2. A complex variable function $\displaystyle \varphi(s)$ analytic in $\displaystyle s=0$ can be written as...

$\displaystyle \varphi(s)=\sum_{n=0}^{\infty} a_{n}\cdot s^{n}$ (1)

If in (1) is $\displaystyle a_{0} \ne 0$ then $\displaystyle \frac{1}{\varphi(s)}$ is also analytic in $\displaystyle s=0$ and is...

$\displaystyle \frac{1}{\varphi(s)}=\sum_{n=0}^{\infty} d_{n}\cdot s^{n}$ (2)

A direct way to compute the $\displaystyle d_{n}$ from the $\displaystyle a_{n}$ is given by the identity we obtain combining (1) and (2)...

$\displaystyle \varphi(s) \cdot \frac{1}{\varphi(s)} = \sum_{n=0}^{\infty} a_{n}\cdot s^{n} \cdot \sum_{n=0}^{\infty} d_{n}\cdot s^{n} = \sum_{n=0}^{\infty}s^{n}\cdot \sum_{k=0}^{n}a_{k}\cdot d_{n-k} = 1$ (3)

... so that is...

$\displaystyle \sum_{k=0}^{n} a_{k}\cdot d_{n-k}= \left\{\begin{array}{cc}1, &\mbox {if } n=0\\0, & \mbox {if } n>0\end{array}\right.$ (4)

If we perform the substitution of variable $\displaystyle s=\frac{1}{z}$ so that is...

$\displaystyle \lim_{z \rightarrow \infty} \varphi (z)= \lim_{s \rightarrow 0} \varphi (s)$

$\displaystyle \lim_{z \rightarrow \infty} \frac{1}{\varphi (z)}= \lim_{s \rightarrow 0} \frac{1}{\varphi (s)}$ (5)

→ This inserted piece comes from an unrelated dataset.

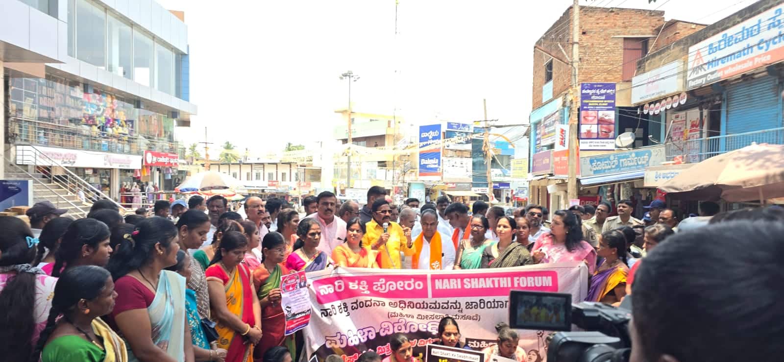 ನಗರದ ಪುರಸಿದ್ದೇಶ್ವರ ದೇವಸ್ಥಾನದಿಂದ ಪ್ರತಿಭಟನಾ ಪಾದಯಾತ್ರೆ ನಡೆಸಿದ ಬಿಜೆಪಿ ಮಹಿಳಾ ಕಾರ್ಯಕರ್ತೆಯರು ಜೆ.ಪಿ. ವೃತ್ತದವರೆಗೆ ಸಂಚರಿಸಿ ಸಮಾವೇಶಗೊಂಡರು. ಈ ವೇಳೆ ರಾಜ್ಯ ಕಾಂಗ್ರೆಸ್ ಸರ್ಕಾರದ ಮಹಿಳಾ ವಿರೋಧಿ ಧೋರಣೆ ಹಾಗೂ ಕೇಂದ್ರದಲ್ಲಿ ಕಾಂಗ್ರೆಸ್ ಮತ್ತು ಇಂಡಿಯಾ ಒಕ್ಕೂಟದ ಬೆಂಬಲಿತ ಪಕ್ಷಗಳ ವಿರುದ್ದ ಘೋಷಣೆ ಕೂಗಿ ಆಕ್ರೋಶ ವ್ಯಕ್ತಪಡಿಸಿದರು. ಬಿಜೆಪಿ ಜಿಲ್ಲಾಧ್ಯಕ್ಷರು, ಮಾಜಿ ಸಚಿವರು, ಮಾಜಿ ಶಾಸಕರು ಸೇರಿದಂತೆ ವಿವಿಧ ಮೋರ್ಚಾಗಳ ಮುಖಂಡರು ನಾರಿಶಕ್ತಿ ಪೋರಂ ಹೋರಾಟಕ್ಕೆ ಬೆಂಬಲ ಸೂಚಿಸಿದರು. ಈ ವೇಳೆ ಮಾಜಿ ಸಚಿವ ಬಿ.ಸಿ. ಪಾಟೀಲ ಮಾತನಾಡಿ, ಕೇಂದ್ರ ಸರ್ಕಾರ ರಾಜಕಾರಣದಲ್ಲಿ ಮಹಿಳಾ ಮೀಸಲಾತಿ ಅಂಗೀಕಾರ ಮಾಡಲು ಹೊರಟರೆ ಕಾಂಗ್ರೆಸ್ ಸೇರಿದಂತೆ ಇಂಡಿ ಕೂಟವು ವಿರೋಧ ವ್ಯಕ್ತಪಡಿಸುವ ಮೂಲಕ ದೇಶದ ಮಹಿಳೆಯರಿಗೆ ಮಹಾಮೋಸ ಮಾಡಿವೆ. ಇಂಡಿಯಾ ಒಕ್ಕೂಟವು ಕ್ರೆಡಿಟ್ಗೋಸ್ಕರ ಮೀಸಲು ಅಂಗೀಕಾರ ಮಾಡಿಸಲಿಲ್ಲ. ಗೃಹಲಕ್ಷ್ಮಿ ಕೊಟ್ಟ ತಕ್ಷಣ ಮಹಿಳೆಯರು ಮುಂದೆ ಬರಲ್ಲ. ಸಾಮಾಜಿಕ, ಶೈಕ್ಷಣಿಕ, ರಾಜಕೀಯವಾಗಿ ಮಹಿಳೆಯರಿಗೆ ಶಕ್ತಿ ಕೊಡಬೇಕೆಂದು ಆಗ್ರಹಿಸಿದರು.ಕಾಂಗ್ರೆಸ್ನವರು ಮಹಿಳಾ ವಿರೋಧಿ ಧೋರಣೆ ಅನುಸರಿಸುತ್ತಾರೆ. ಮಹಿಳೆಯರ ಹಕ್ಕುಗಳನ್ನು ಕಸಿಯುವ ಯತ್ನ ಮಾಡುತ್ತಿದ್ದಾರೆ. ರಾಜ್ಯ ಕಾಂಗ್ರೆಸ್ ಸರ್ಕಾರಕ್ಕೆ ಮಹಿಳೆಯರ ಹಕ್ಕು ಕೊಡುವಲ್ಲಿ ಆಸಕ್ತಿ ಇಲ್ಲ. ಹಾಗಾಗಿ ದೇಶದ ಪ್ರಧಾನಿ ಏನೇ ಒಳ್ಳೆಯ ಕೆಲಸ ಮಾಡಿದರೂ ವಿರೋಧ ಮಾಡುವುದೇ ತಮ್ಮ ಪ್ರವೃತ್ತಿಯನ್ನಾಗಿ ಮಾಡಿಕೊಂಡಿದ್ದಾರೆ. ಮೋದಿಯವರು ಮಹಿಳಾ ಸ್ವಾತಂತ್ರ್ಯ ರಕ್ಷಣೆ ಮಾಡುತ್ತಿದ್ದಾರೆ. ಮುಂದೊಂದು ದಿನ ಮಹಿಳಾ ಮೀಸಲಾತಿ ಜಾರಿಗೆ ಮಾಡಿಯೇ ಮಾಡುತ್ತಾರೆ ಎಂದರು.ರಾಜ್ಯ ಮಹಿಳಾ ಮೋರ್ಚಾ ಪ್ರಧಾನ ಕಾರ್ಯದರ್ಶಿ ಶೋಭಾ ನಿಸ್ಸೀಮಗೌಡ್ರ ಮಾತನಾಡಿ, ಭಾರತದಲ್ಲಿ ಮಹಿಳೆಯರಿಗೆ ಪೂಜ್ಯನೀಯ ಸ್ಥಾನಮಾನ ಕೊಡಲಾಗಿದೆ. ಅಂತಹ ಮಹಿಳೆಯರಿಗೆ ರಾಜಕಾರಣದಲ್ಲಿ ಅವಕಾಶ ನೀಡಬೇಕಾದರೆ, ದುಷ್ಟ ಕಾಂಗ್ರೆಸ್ ಒಕ್ಕೂಟದವರು ವಿರೋಧ ಮಾಡುತ್ತಿದ್ದಾರೆ. ಕರ್ನಾಟಕ ಸೇರಿ ದೇಶದ ಮಹಿಳೆಯರಿಗೆ ಅನ್ಯಾಯ ಮಾಡಿದ್ದಾರೆ. ಕೇವಲ ಮಹಿಳೆಯರ ವೋಟ್ ಬ್ಯಾಂಕಿಗೋಸ್ಕರ ಗ್ಯಾರಂಟಿ ಕೊಟ್ಟು, ಸುಮ್ಮನೆ ಕೂರಿಸಿದ್ದಾರೆ. ಇಂತಹ ಕಾಂಗ್ರೆಸ್ನವರ ಮನಸ್ಥಿತಿಯನ್ನು ಖಂಡಿಸುತ್ತೇವೆ. ರಾಜಕಾರಣದಲ್ಲಿ ಬೆಳೆಯಲಿಕ್ಕೆ ಅವಕಾಶ ನೀಡದಿರುವುದನ್ನು ಖಂಡಿಸುತ್ತೇವೆ ಎಂದರು.ಪ್ರತಿಭಟನೆಯಲ್ಲಿ ಮಾಜಿ ಶಾಸಕ ಶಿವರಾಜ ಸಜ್ಜನರ, ಮುಖಂಡ ಗವಿಸಿದ್ದಪ್ಪ ದ್ಯಾಮಣ್ಣವರ, ಮಹಿಳಾ ಮೋರ್ಚಾ ಜಿಲ್ಲಾಧ್ಯಕ್ಷೆ ಬಸಮ್ಮ ಅಬಲೂರ, ಯಲ್ಲಮ್ಮ ಚಲವಾದಿ, ರೇಷ್ಮಾ ಮೇಲಗಿರಿ ಮಾತನಾಡಿದರು.ಈ ವೇಳೆ ಪಕ್ಷದ ಜಿಲ್ಲಾಧ್ಯಕ್ಷ ವಿರೂಪಾಕ್ಷಪ್ಪ ಬಳ್ಳಾರಿ, ಜಿಲ್ಲಾ ಪ್ರಧಾನ ಕಾರ್ಯದರ್ಶಿಗಳಾದ ನಂಜುಂಡೇಶ ಕಳ್ಳೇರ, ಸಂತೋಷ ಆಲದಕಟ್ಟಿ, ನೀಲಪ್ಪ ಚಾವಡಿ, ಮಹಿಳಾ ಮೋರ್ಚಾ ಪ್ರಧಾನ ಕಾರ್ಯದರ್ಶಿ ವಿದ್ಯಾ ಶೆಟ್ಟಿ, ಜಿಲ್ಲಾ ಉಪಾಧ್ಯಕ್ಷ ವೆಂಕಟೇಶ ನಾರಾಯಣಿ, ಯುವ ಮೋರ್ಚಾ ಅಧ್ಯಕ್ಷ ಕಿರಣ ಕೋಣನವರ, ವಕ್ತಾರ ನಿರಂಜನ ಹೆರೂರ, ವಿಜಯಕುಮಾರ ಚಿನ್ನಿಕಟ್ಟಿ, ಕಿರಣ ಕೊಳ್ಳಿ, ರೋಹಿಣಿ ಪಾಟೀಲ ಸೇರಿದಂತೆ ಪಕ್ಷದ ವಿವಿಧ ಮೋರ್ಚಾಗಳ ಕಾರ್ಯಕರ್ತರು, ಪದಾಧಿಕಾರಿಗಳು ಪಾಲ್ಗೊಂಡಿದ್ದರು.ದೇಶದ ಪ್ರಧಾನಿ ನರೇಂದ್ರ ಮೋದಿಯವರು ವಿಶೇಷ ಅಧಿವೇಶನ ನಡೆಸುವ ಮೂಲಕ ಮಹಿಳೆಯರಿಗೆ ಶೇ. 33ರಷ್ಟು ಮೀಸಲಾತಿ ಅನುಷ್ಠಾನಗೊಳಿಸಲು ಮುಂ

The conclusion is that if...

$\displaystyle \lim_{s \rightarrow 0} \frac{\varphi(s)} {f(s)}=1$ (6)

... then it is also...

$\displaystyle \lim_{s \rightarrow 0} \frac{f(s)}{\varphi(s)} =1$ (7)

Kind regards

$\displaystyle \chi$ $\displaystyle \sigma$

3. ## idont

i dont understand y u prove (7)